→ **REQUIRED WORK**:
For this exercise, copy the records below exactly and exclude every image.
──────── PROVIDED RECORDS
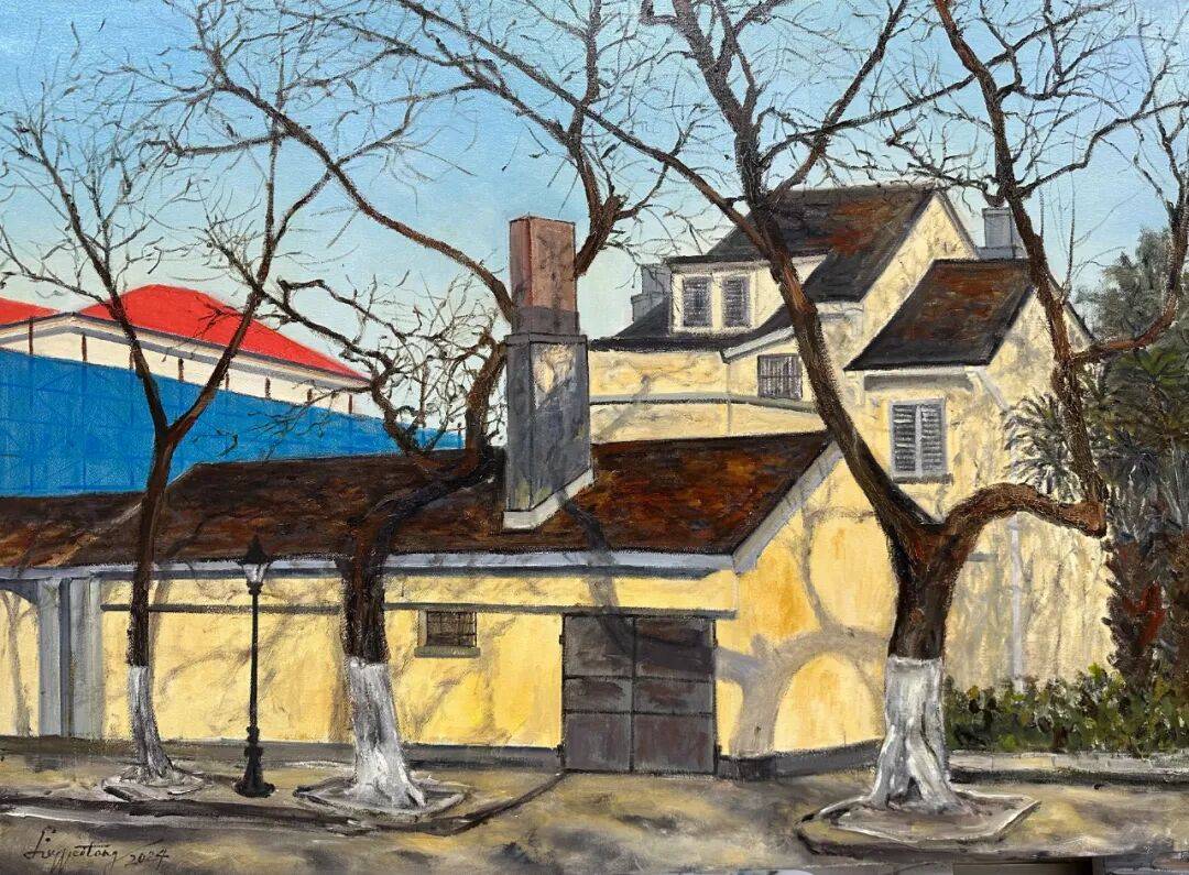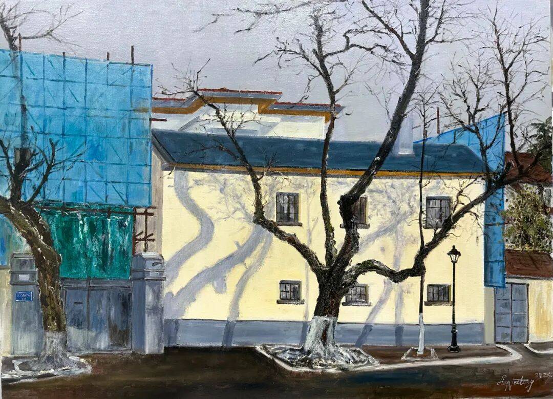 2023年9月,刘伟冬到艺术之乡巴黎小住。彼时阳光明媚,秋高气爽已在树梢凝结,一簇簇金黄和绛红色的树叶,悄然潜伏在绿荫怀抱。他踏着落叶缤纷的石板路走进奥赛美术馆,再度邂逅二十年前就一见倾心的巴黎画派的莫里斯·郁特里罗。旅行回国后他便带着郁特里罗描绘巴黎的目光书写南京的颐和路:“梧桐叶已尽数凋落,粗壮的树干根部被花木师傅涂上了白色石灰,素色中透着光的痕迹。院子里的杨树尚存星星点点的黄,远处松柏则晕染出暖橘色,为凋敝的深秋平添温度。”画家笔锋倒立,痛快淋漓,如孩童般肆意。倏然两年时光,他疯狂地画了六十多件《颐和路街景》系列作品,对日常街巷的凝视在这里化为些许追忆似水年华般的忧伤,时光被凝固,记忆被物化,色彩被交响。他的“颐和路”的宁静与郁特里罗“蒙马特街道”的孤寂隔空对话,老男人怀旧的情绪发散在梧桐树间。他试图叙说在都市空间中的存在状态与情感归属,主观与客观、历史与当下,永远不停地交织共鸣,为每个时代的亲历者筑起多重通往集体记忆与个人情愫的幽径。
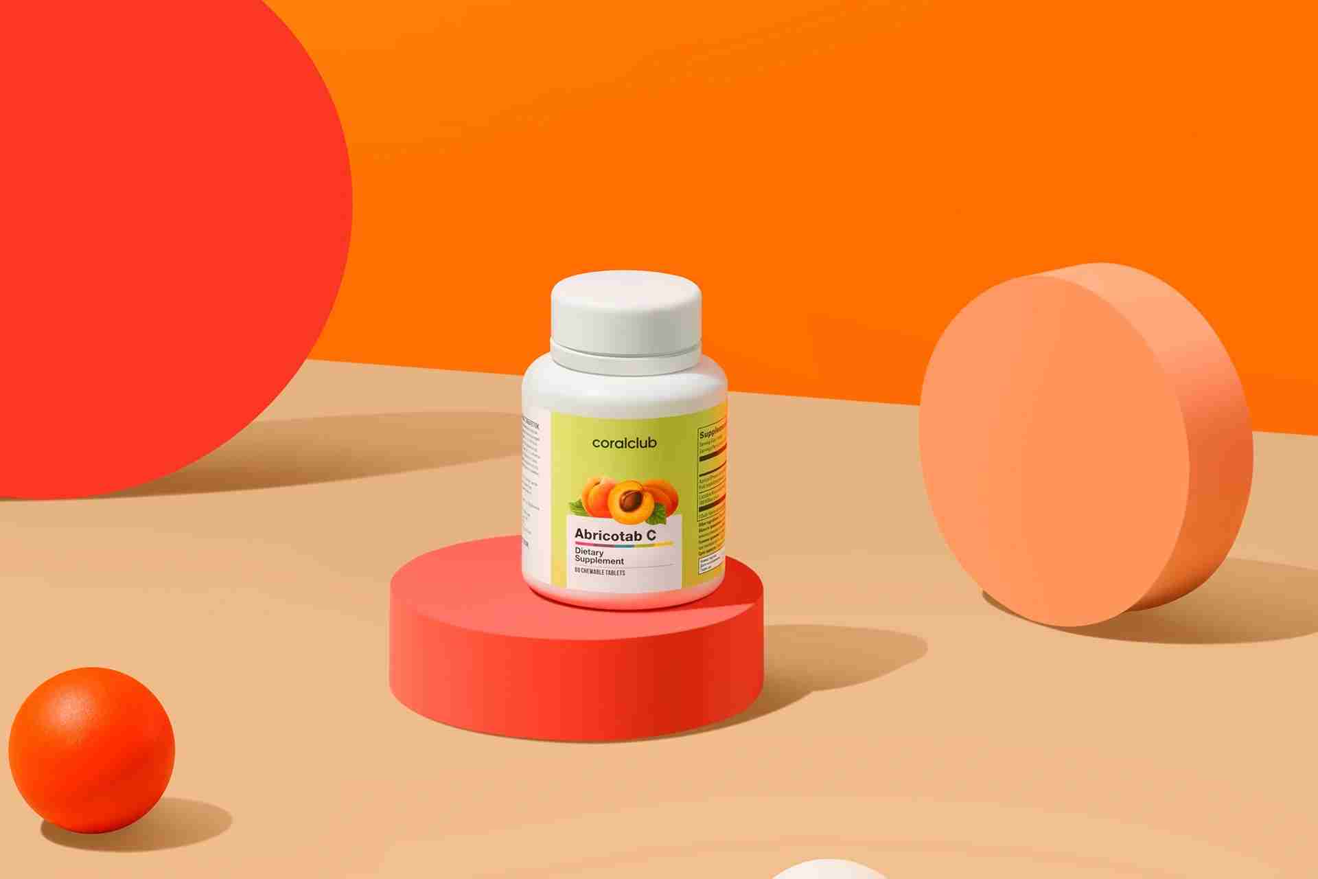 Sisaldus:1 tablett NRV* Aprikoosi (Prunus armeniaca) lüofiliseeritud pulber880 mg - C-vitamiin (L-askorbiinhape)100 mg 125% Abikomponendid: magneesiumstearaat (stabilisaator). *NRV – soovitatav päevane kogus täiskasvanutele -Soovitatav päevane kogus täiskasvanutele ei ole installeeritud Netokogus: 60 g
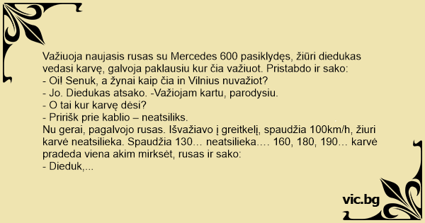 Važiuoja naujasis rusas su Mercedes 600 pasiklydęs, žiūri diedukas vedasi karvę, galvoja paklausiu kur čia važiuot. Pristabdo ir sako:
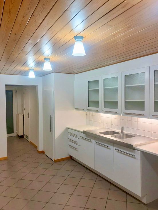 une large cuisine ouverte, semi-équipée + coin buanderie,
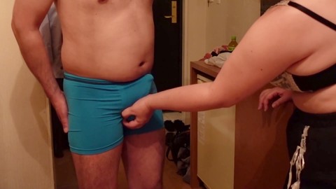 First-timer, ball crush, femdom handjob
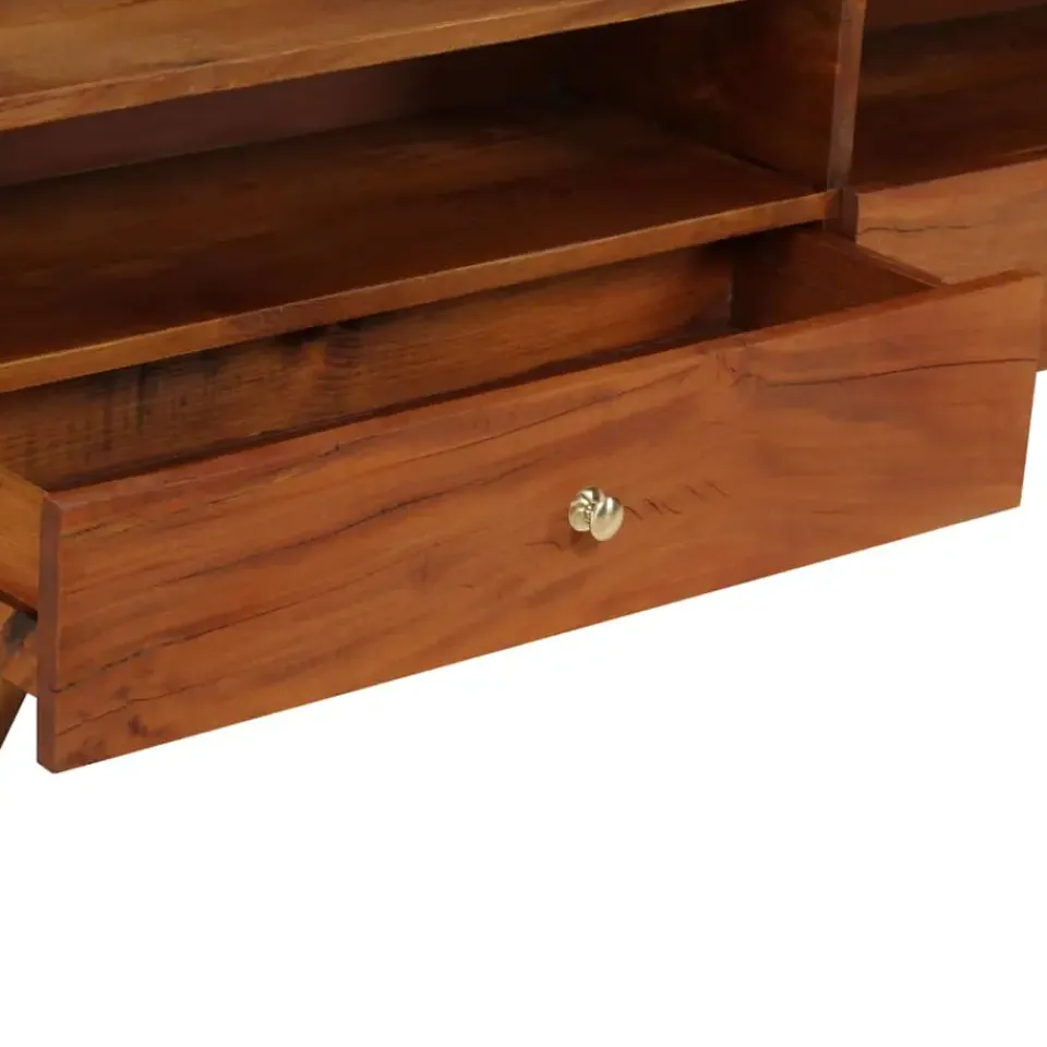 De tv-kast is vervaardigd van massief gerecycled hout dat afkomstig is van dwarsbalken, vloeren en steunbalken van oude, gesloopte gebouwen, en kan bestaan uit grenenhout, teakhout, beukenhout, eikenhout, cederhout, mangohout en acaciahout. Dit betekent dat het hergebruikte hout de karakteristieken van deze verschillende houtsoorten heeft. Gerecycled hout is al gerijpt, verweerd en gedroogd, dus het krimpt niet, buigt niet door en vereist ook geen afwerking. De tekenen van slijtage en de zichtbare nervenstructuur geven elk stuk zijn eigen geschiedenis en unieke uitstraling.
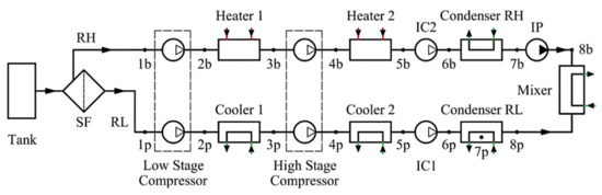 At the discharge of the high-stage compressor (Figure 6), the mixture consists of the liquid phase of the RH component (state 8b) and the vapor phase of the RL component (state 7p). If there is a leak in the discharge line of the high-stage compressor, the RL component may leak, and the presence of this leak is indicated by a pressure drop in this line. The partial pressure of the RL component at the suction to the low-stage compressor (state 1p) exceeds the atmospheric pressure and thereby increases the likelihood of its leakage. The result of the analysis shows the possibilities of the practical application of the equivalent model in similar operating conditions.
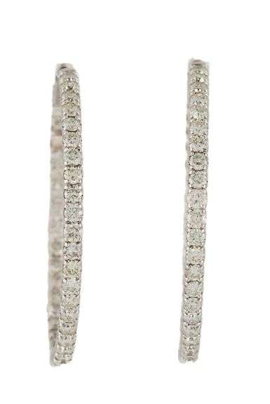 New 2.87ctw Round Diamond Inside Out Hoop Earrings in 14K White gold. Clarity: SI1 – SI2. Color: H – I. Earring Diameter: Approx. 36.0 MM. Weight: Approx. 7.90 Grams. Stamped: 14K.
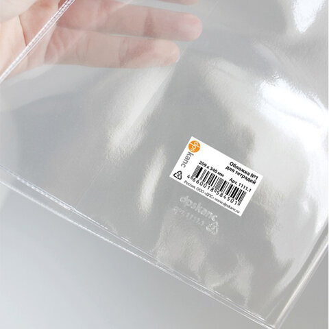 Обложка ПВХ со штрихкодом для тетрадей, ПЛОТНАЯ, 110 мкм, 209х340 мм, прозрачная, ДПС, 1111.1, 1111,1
────────────────
→ **SOLUTION**:
 2023年9月,刘伟冬到艺术之乡巴黎小住。彼时阳光明媚,秋高气爽已在树梢凝结,一簇簇金黄和绛红色的树叶,悄然潜伏在绿荫怀抱。他踏着落叶缤纷的石板路走进奥赛美术馆,再度邂逅二十年前就一见倾心的巴黎画派的莫里斯·郁特里罗。旅行回国后他便带着郁特里罗描绘巴黎的目光书写南京的颐和路:“梧桐叶已尽数凋落,粗壮的树干根部被花木师傅涂上了白色石灰,素色中透着光的痕迹。院子里的杨树尚存星星点点的黄,远处松柏则晕染出暖橘色,为凋敝的深秋平添温度。”画家笔锋倒立,痛快淋漓,如孩童般肆意。倏然两年时光,他疯狂地画了六十多件《颐和路街景》系列作品,对日常街巷的凝视在这里化为些许追忆似水年华般的忧伤,时光被凝固,记忆被物化,色彩被交响。他的“颐和路”的宁静与郁特里罗“蒙马特街道”的孤寂隔空对话,老男人怀旧的情绪发散在梧桐树间。他试图叙说在都市空间中的存在状态与情感归属,主观与客观、历史与当下,永远不停地交织共鸣,为每个时代的亲历者筑起多重通往集体记忆与个人情愫的幽径。
 Sisaldus:1 tablett NRV* Aprikoosi (Prunus armeniaca) lüofiliseeritud pulber880 mg - C-vitamiin (L-askorbiinhape)100 mg 125% Abikomponendid: magneesiumstearaat (stabilisaator). *NRV – soovitatav päevane kogus täiskasvanutele -Soovitatav päevane kogus täiskasvanutele ei ole installeeritud Netokogus: 60 g
 Važiuoja naujasis rusas su Mercedes 600 pasiklydęs, žiūri diedukas vedasi karvę, galvoja paklausiu kur čia važiuot. Pristabdo ir sako:
 une large cuisine ouverte, semi-équipée + coin buanderie,
 First-timer, ball crush, femdom handjob
 De tv-kast is vervaardigd van massief gerecycled hout dat afkomstig is van dwarsbalken, vloeren en steunbalken van oude, gesloopte gebouwen, en kan bestaan uit grenenhout, teakhout, beukenhout, eikenhout, cederhout, mangohout en acaciahout. Dit betekent dat het hergebruikte hout de karakteristieken van deze verschillende houtsoorten heeft. Gerecycled hout is al gerijpt, verweerd en gedroogd, dus het krimpt niet, buigt niet door en vereist ook geen afwerking. De tekenen van slijtage en de zichtbare nervenstructuur geven elk stuk zijn eigen geschiedenis en unieke uitstraling.
 At the discharge of the high-stage compressor (Figure 6), the mixture consists of the liquid phase of the RH component (state 8b) and the vapor phase of the RL component (state 7p). If there is a leak in the discharge line of the high-stage compressor, the RL component may leak, and the presence of this leak is indicated by a pressure drop in this line. The partial pressure of the RL component at the suction to the low-stage compressor (state 1p) exceeds the atmospheric pressure and thereby increases the likelihood of its leakage. The result of the analysis shows the possibilities of the practical application of the equivalent model in similar operating conditions.
 New 2.87ctw Round Diamond Inside Out Hoop Earrings in 14K White gold. Clarity: SI1 – SI2. Color: H – I. Earring Diameter: Approx. 36.0 MM. Weight: Approx. 7.90 Grams. Stamped: 14K.
 Обложка ПВХ со штрихкодом для тетрадей, ПЛОТНАЯ, 110 мкм, 209х340 мм, прозрачная, ДПС, 1111.1, 1111,1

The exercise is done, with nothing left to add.